Third, January 28, the day the cylinder arrived, is the birthday of Claes Oldenburg, another international artist. For many years later, experts in the art world would enjoy correcting those who thought Warhol was the dominant inspiration by informing them it was obviously a tribute to Claes Oldenburg.
Claes Oldenburg is internationally known for making gargantuan statues of everyday objects: a ninety-six-foot-tall baseball bat, standing on edge, in Chicago; a forty-foot-tall ice-cream cone, seemingly dropped upside down on the roof of a building, in Cologne, Germany; a fifty-nine-foot-high needle with thread in Milan, Italy; the forty-five-foot-tall clothespin at City Hall in Philadelphia; a forty-one-foot-tall trowel in the Pepsico Sculpture Garden of Purchase, New York (and another one in the Netherlands); a fifty-foot-high handsaw sticking in the Earth in Tokyo; a giant blue pickax stuck in the Earth in Kassel, Germany; near eighteen-foot-high shuttlecocks in Kansas City; and a variety of other everyday objects, each scaled upward to hundreds of times the normal size, sprinkled around the Earth.

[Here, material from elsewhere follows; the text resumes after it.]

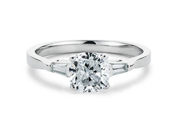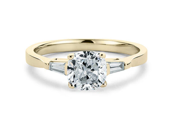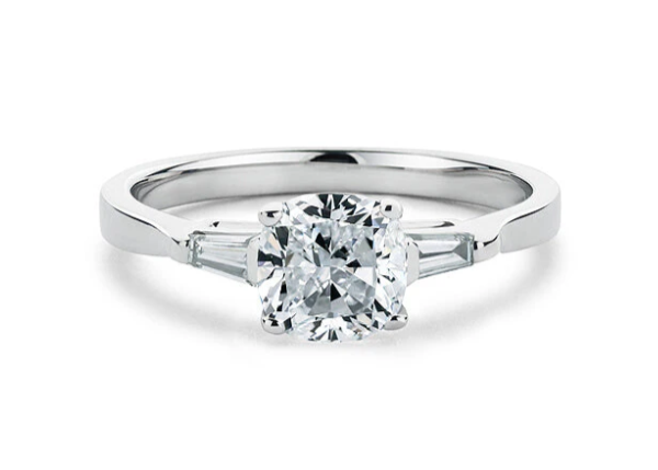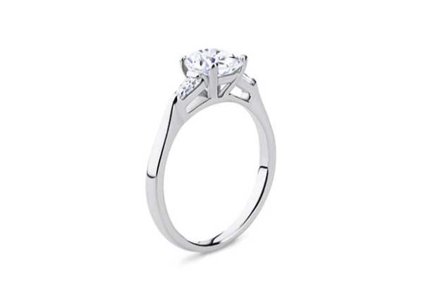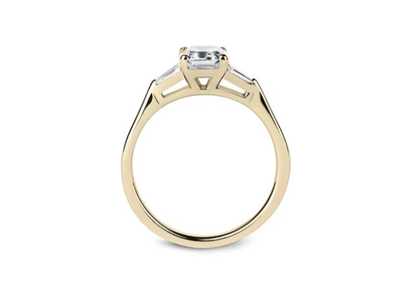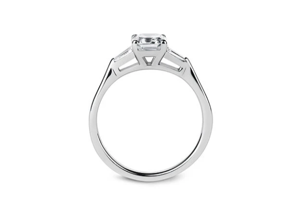 This sleek trilogy engagement ring offers a stunning balance of clean lines and radiant beauty. A brilliant center diamond is flanked by two elegant tapered baguette-cut diamonds, creating a sophisticated silhouette that symbolizes your past, present, and future. The tapered band with open daylight shoulders invites natural light to flow through the stones, enhancing their sparkle and giving the ring its striking, contemporary appeal.

Fourth, the release never actually mentions the cylinder and is short on details. When one deceives, it is best to do so minimally. With less lies, there are less ways to be found out.
But not everyone was satisfied with the press release.
XVI
INQUIRY
I left without saying ‘good-bye’ to Ralph, expecting to see him again soon.
At home, something unusual happened and it scared me. My home phone rang.
“Hello.”
“Hi. Is this Dr. Markus West?”
I did not recognize the voice. She sounded young and worn out.
“Yes.”
“Hi, Dr. West, I’m Alice Higginbotham from the New York Times, and I was hoping I could ask you some questions. Is this a good time?”
I petrified. I took a moment to put on my game face . . . and remembered I never had one. As a grown man, I was fully capable of making an excuse and hanging up, but the questioning voice of a young woman awakened my professorial manner.
“What is this in reference to?”
“I’d like to ask you some questions about your experience at the White House yesterday.”
I paused and said the worst thin
g possible.
“How did you know I was at the White House?”
There was a pause, and I heard the worst thing possible.
“I won’t reveal my sources, Dr. West.”
“Your sources . . .”
“It is a matter of journalistic integrity not to reveal one’s sources, Dr. West, and I would bring shame upon myself and the historic integrity of the New York Times should I disobey this essential rule of journalism.”
Alice Higginbotham was a pot-smoking college student and an intern for the Arts Section of the New York Times. Of course, I didn’t know this, and right then, it felt as if she was Woodward and Bernstein. She wasn’t even majoring in journalism. She studied art history at NYU. She didn’t know I was at the White House, but when I asked her how she knew, she knew.
Her bosses at the New York Times had been trying to get a quote from anyone who was at the White House the previous day. When they failed, they kicked the job down to her. Spunky, persistent, and thorough, she compiled a list of everyone working for the White House, searched for any number she could find, and called them. When that led nowhere, she called me out of sheer desperation—she thought that maybe, because of my involvement with the lunar advertisement, I might be involved with the cylinder. She gave everyone the same leading line she gave me.
“What exactly do you want to know?” I said.
“Are you familiar with the press release from yesterday regarding International Creativity Month?”
“I read it.”
“Why won’t the White House reveal the identity of the European street artist responsible for the . . . large can of soup . . . in front of the White House, I mean.”
“Well, you know how these artists are; they don’t want to look too connected to the establishment and government and whatnot.”
“Do you know the identity of the artist?”
“. . . I believe that’s classified.”
“Classified?” she asked, slowed by her own surprise. “Why would it be classified?”